**Instructions to follow**
Once the line holding "然后点击扩展图标前往插件管理" is found in the entries below, transcribe exactly every line up to and including the one holding "跳び箱運動を学習しています。", but leave out the pictures.

**Provided material**
<<<<
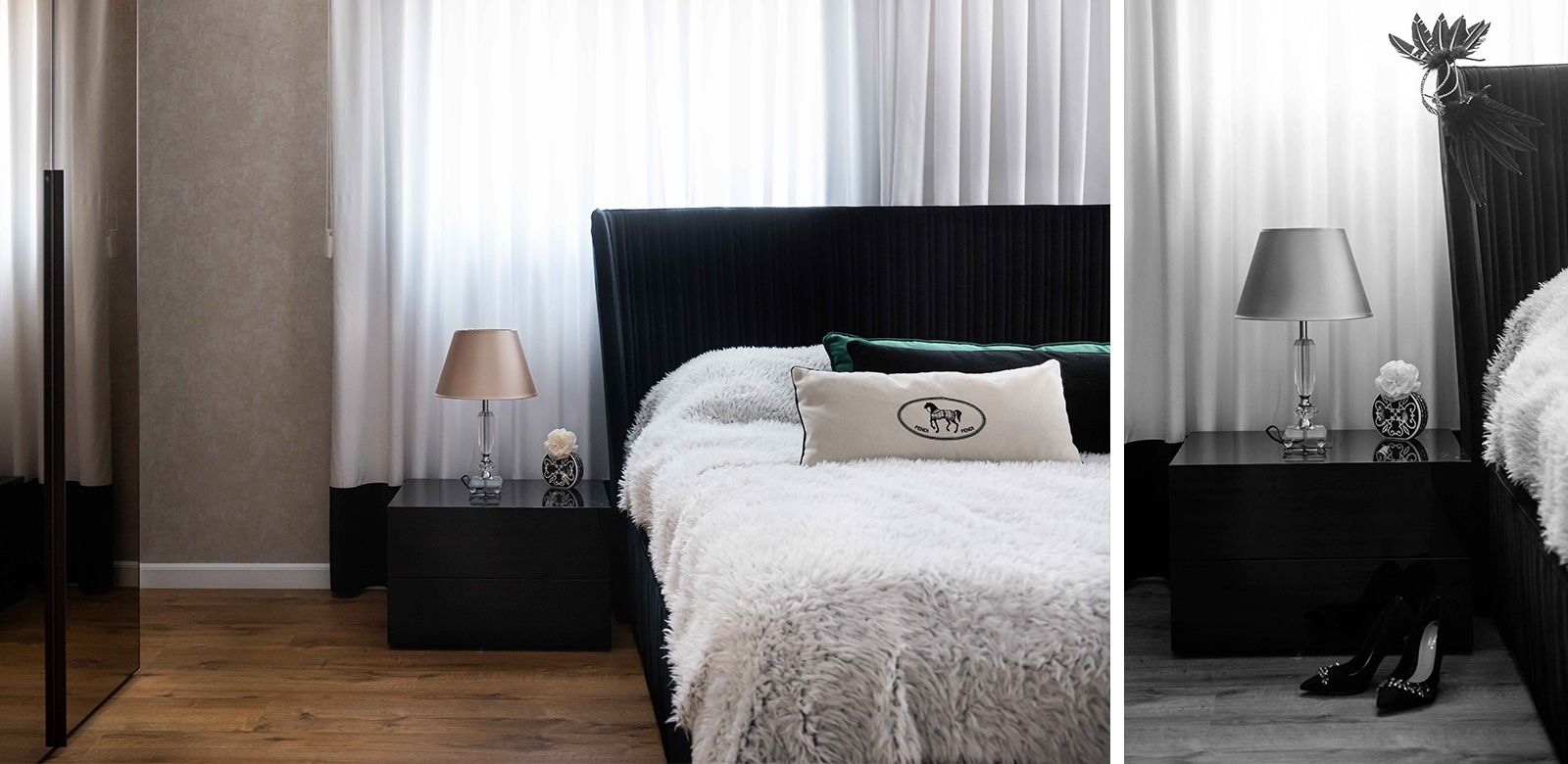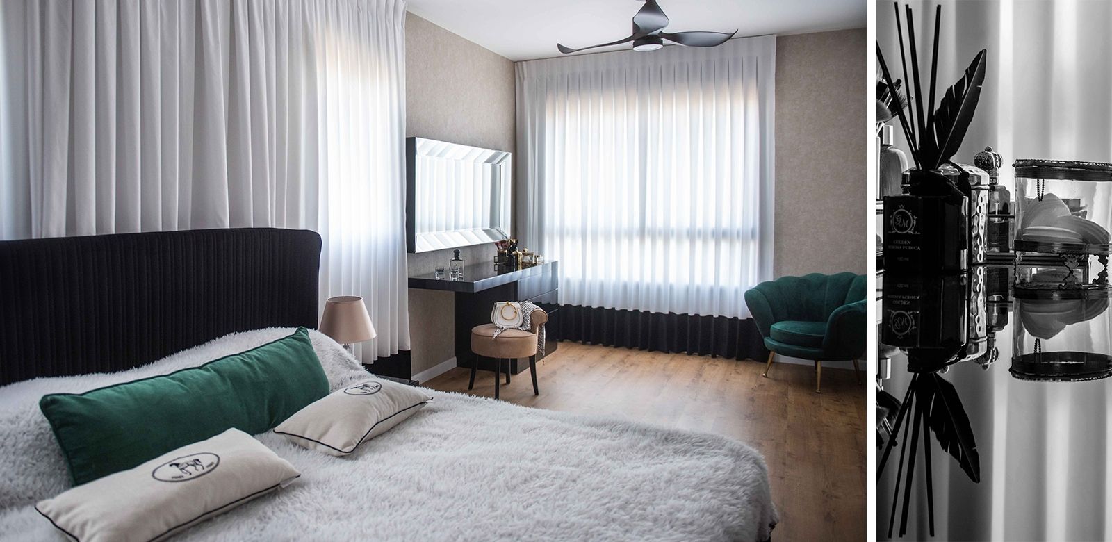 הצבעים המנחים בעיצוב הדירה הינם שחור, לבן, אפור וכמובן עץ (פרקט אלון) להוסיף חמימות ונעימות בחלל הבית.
>>>>
<<<<
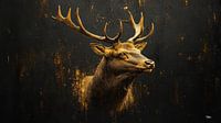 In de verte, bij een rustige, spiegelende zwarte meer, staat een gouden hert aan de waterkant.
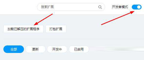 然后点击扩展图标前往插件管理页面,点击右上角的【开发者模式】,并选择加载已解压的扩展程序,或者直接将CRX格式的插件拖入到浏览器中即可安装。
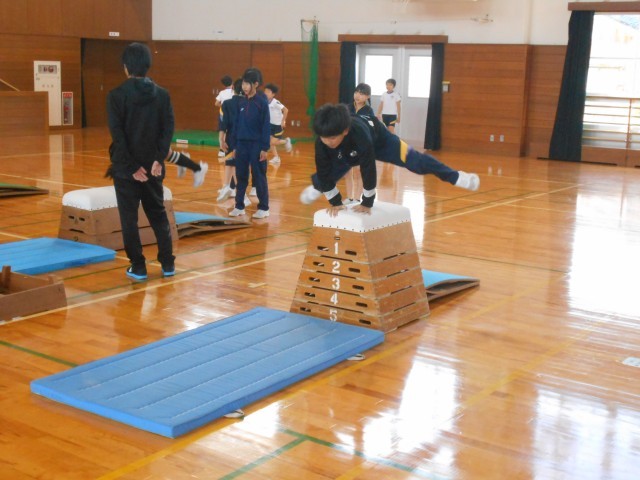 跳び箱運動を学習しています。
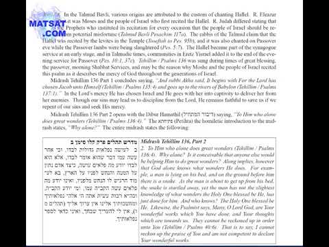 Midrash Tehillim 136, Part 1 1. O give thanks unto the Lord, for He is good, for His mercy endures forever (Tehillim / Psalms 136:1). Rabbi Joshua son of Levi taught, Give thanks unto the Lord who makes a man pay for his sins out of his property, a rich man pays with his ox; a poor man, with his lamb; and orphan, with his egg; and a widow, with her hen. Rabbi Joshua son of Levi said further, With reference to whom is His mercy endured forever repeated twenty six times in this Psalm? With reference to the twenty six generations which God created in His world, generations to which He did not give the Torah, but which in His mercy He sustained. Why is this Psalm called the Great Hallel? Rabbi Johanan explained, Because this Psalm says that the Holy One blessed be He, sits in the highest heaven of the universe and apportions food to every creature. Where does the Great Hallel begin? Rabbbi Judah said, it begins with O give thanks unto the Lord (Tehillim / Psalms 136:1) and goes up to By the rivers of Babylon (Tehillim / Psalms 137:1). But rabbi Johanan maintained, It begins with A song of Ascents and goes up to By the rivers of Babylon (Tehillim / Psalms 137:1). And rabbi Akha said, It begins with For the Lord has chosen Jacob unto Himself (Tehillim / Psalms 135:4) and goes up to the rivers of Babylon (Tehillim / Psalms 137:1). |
>>>>
<<<<
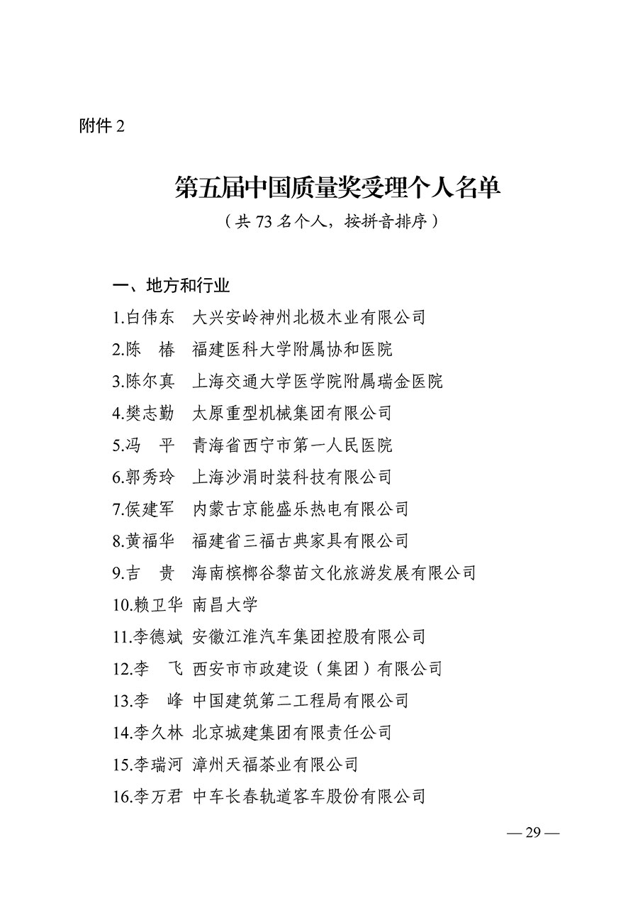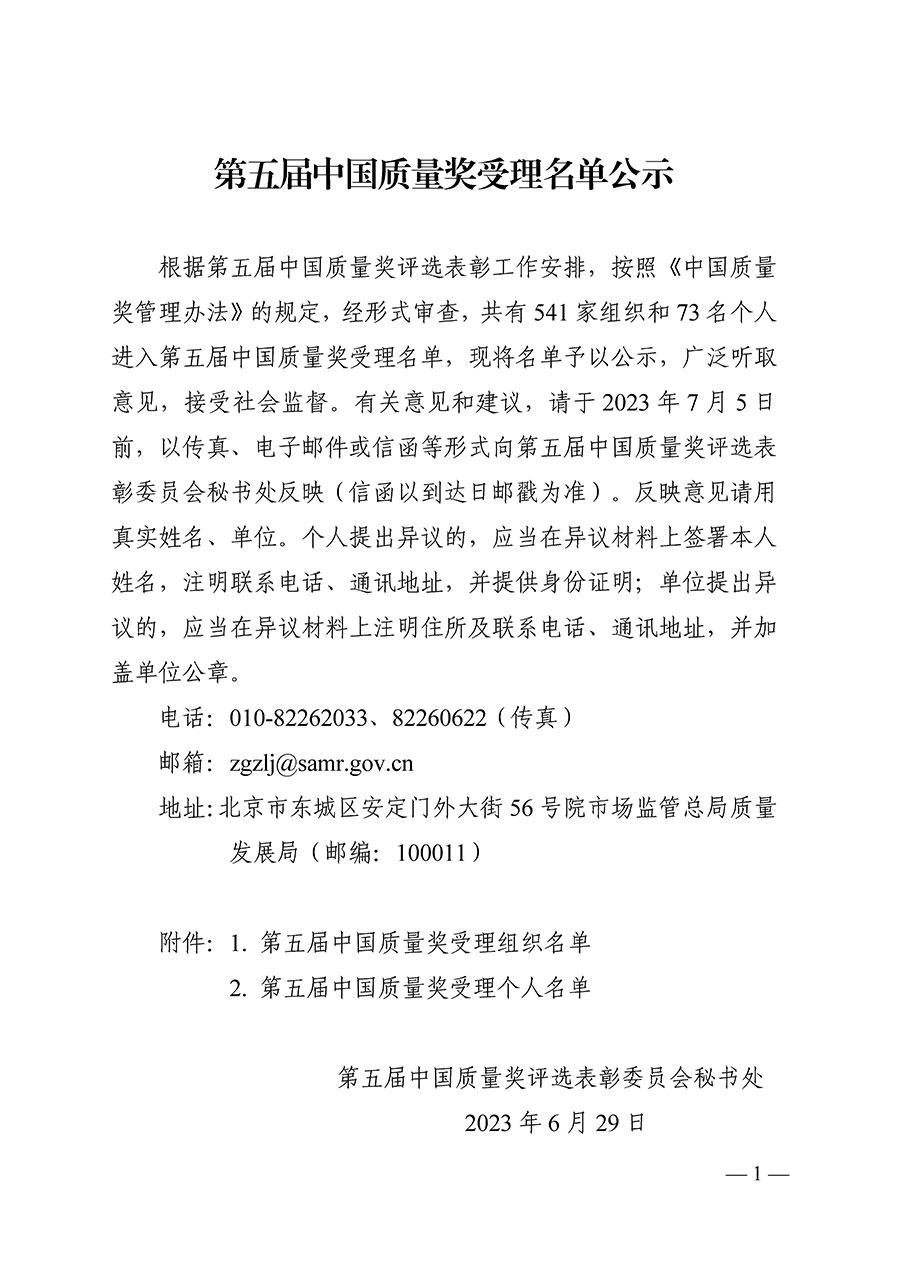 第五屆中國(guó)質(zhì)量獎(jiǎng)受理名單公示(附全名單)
>>>>
**Your solution**
 然后点击扩展图标前往插件管理页面,点击右上角的【开发者模式】,并选择加载已解压的扩展程序,或者直接将CRX格式的插件拖入到浏览器中即可安装。
 跳び箱運動を学習しています。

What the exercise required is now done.